SUPPLIED MATERIAL:
* * * *

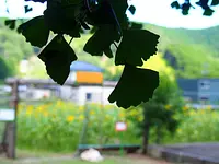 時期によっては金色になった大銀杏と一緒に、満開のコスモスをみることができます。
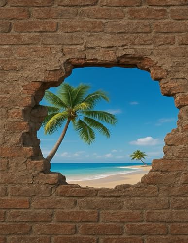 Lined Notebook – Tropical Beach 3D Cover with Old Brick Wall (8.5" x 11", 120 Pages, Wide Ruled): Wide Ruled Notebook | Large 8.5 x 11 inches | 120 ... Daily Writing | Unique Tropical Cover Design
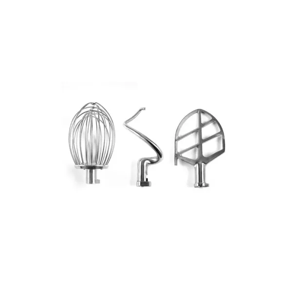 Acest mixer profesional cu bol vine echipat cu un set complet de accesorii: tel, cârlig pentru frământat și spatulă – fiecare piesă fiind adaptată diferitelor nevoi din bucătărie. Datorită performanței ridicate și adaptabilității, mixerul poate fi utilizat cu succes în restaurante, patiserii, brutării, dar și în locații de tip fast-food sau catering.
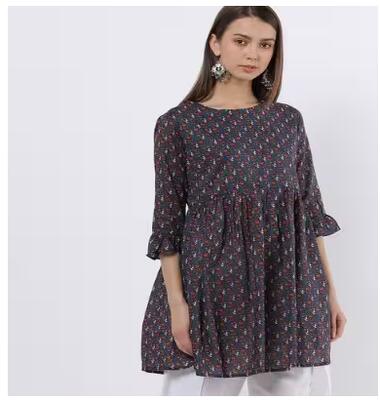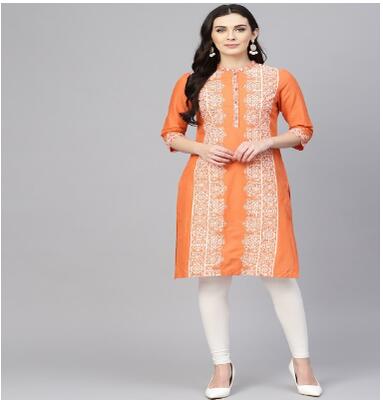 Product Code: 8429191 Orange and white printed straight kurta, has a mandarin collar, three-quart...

* * * *

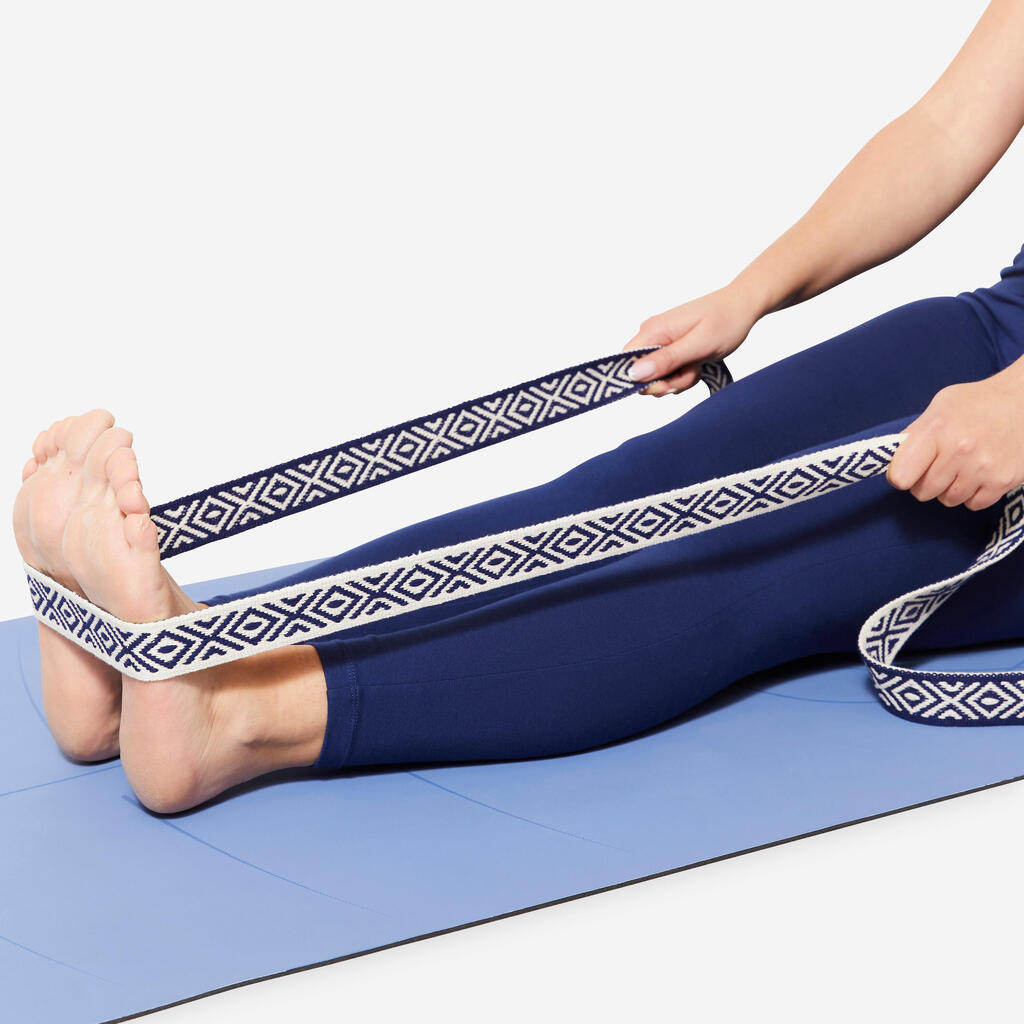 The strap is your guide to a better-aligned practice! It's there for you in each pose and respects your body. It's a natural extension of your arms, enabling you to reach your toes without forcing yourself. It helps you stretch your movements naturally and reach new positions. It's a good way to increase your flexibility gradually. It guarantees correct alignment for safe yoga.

* * * *

EXERCISE INSTRUCTIONS:
Within these entries, output exactly the lines starting at the one with "時期によっては金色になった大銀杏と一緒に、満開のコスモスをみることができます。" and finishing at the one with "Lined Notebook –". Leave pictures out of the output.

WRITTEN SOLUTION:
 時期によっては金色になった大銀杏と一緒に、満開のコスモスをみることができます。
 Lined Notebook – Tropical Beach 3D Cover with Old Brick Wall (8.5" x 11", 120 Pages, Wide Ruled): Wide Ruled Notebook | Large 8.5 x 11 inches | 120 ... Daily Writing | Unique Tropical Cover Design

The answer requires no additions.